Copy nothing from the entries below except the lines from the one containing "Fonte Carregador Mais" through the one containing "تصدر النجم المصري", and copy those exactly.

--- Given data Enclosed Below ---

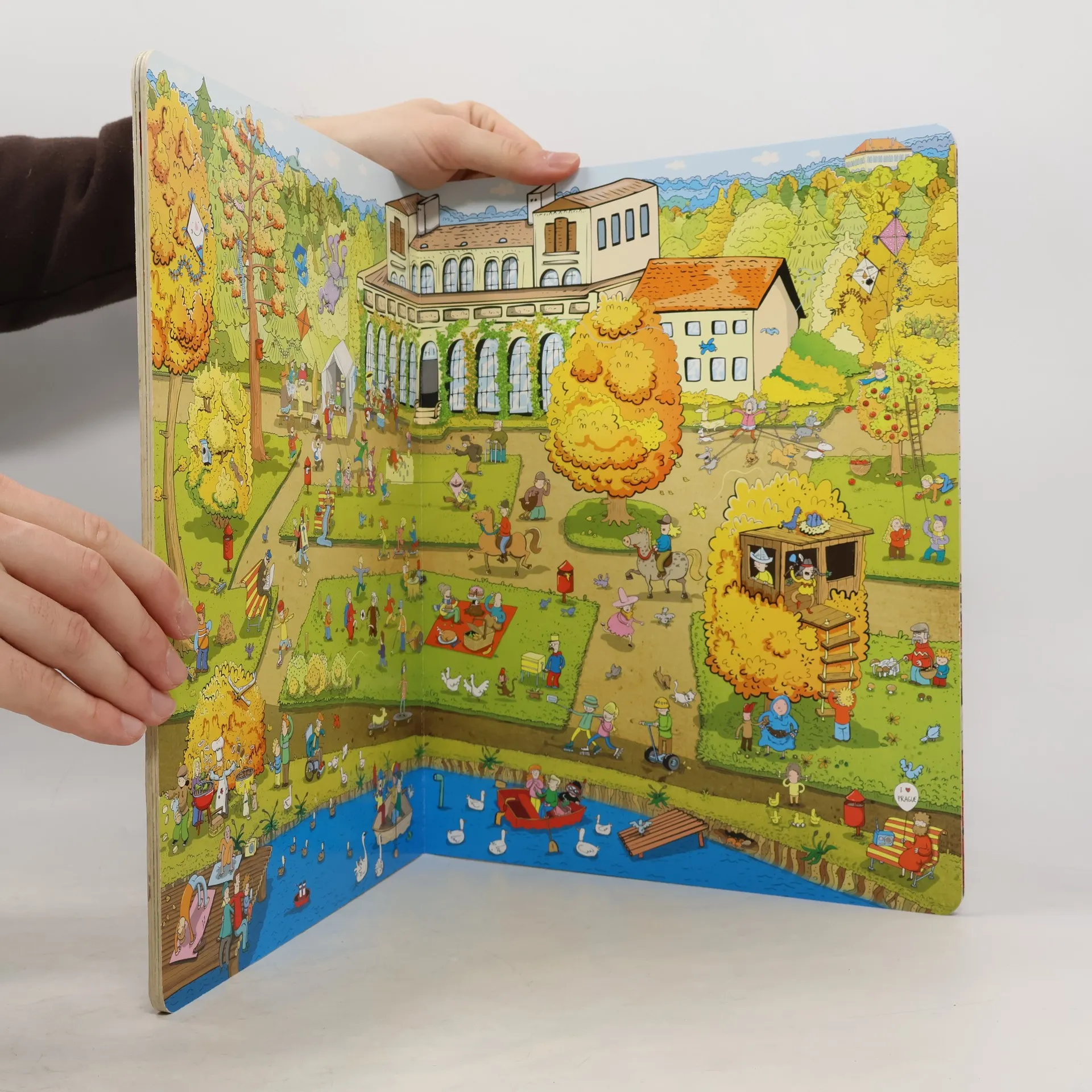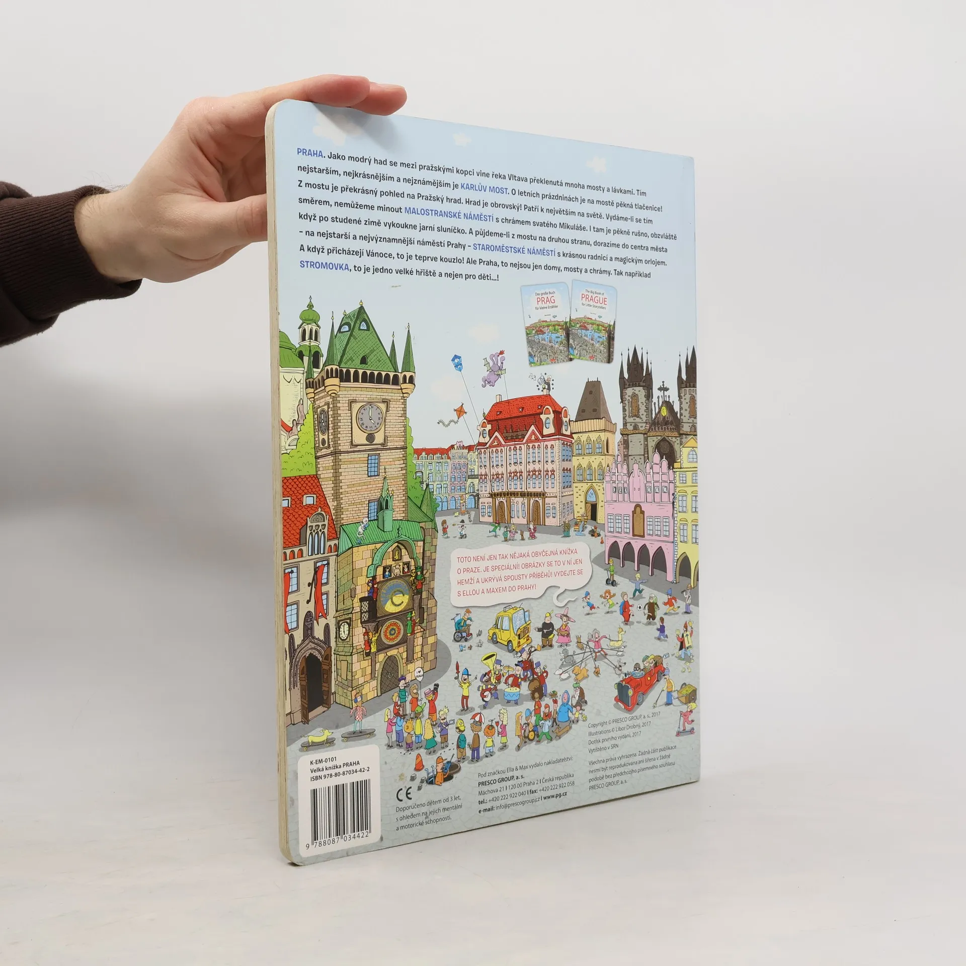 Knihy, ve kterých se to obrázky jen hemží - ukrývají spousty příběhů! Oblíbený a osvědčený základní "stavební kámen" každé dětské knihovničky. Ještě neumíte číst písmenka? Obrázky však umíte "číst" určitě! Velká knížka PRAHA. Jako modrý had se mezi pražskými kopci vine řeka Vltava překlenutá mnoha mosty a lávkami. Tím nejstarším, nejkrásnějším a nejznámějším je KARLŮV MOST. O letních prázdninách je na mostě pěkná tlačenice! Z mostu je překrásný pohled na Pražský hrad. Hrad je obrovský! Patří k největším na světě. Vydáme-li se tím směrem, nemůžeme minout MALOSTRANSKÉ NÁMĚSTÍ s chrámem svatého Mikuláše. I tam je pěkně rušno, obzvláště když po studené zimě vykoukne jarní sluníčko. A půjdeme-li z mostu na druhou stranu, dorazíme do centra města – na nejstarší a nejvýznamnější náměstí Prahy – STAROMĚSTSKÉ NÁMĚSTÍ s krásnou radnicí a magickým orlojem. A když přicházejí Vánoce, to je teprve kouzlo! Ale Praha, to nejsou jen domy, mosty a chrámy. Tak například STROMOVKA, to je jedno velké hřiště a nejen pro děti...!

--- End of Enclosed Given data ---
--- Given data Enclosed Below ---

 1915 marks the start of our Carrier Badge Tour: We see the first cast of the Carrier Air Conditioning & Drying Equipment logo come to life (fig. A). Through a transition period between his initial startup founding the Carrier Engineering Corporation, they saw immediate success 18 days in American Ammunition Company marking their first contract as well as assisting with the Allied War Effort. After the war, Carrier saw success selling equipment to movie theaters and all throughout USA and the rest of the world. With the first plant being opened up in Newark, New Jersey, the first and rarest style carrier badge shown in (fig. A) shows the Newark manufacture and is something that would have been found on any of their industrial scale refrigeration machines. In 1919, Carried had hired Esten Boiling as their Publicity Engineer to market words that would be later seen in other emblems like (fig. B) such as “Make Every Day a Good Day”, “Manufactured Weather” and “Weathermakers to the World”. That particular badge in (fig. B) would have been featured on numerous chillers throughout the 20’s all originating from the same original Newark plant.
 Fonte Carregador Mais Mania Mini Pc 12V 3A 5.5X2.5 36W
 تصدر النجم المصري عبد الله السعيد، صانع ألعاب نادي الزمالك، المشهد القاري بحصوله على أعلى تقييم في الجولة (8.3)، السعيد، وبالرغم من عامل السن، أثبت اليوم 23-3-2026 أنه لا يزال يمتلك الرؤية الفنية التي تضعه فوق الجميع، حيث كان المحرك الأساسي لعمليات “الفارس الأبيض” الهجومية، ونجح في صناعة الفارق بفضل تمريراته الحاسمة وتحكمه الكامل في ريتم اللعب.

--- End of Enclosed Given data ---

• Response to the task
 Fonte Carregador Mais Mania Mini Pc 12V 3A 5.5X2.5 36W
 تصدر النجم المصري عبد الله السعيد، صانع ألعاب نادي الزمالك، المشهد القاري بحصوله على أعلى تقييم في الجولة (8.3)، السعيد، وبالرغم من عامل السن، أثبت اليوم 23-3-2026 أنه لا يزال يمتلك الرؤية الفنية التي تضعه فوق الجميع، حيث كان المحرك الأساسي لعمليات “الفارس الأبيض” الهجومية، ونجح في صناعة الفارق بفضل تمريراته الحاسمة وتحكمه الكامل في ريتم اللعب.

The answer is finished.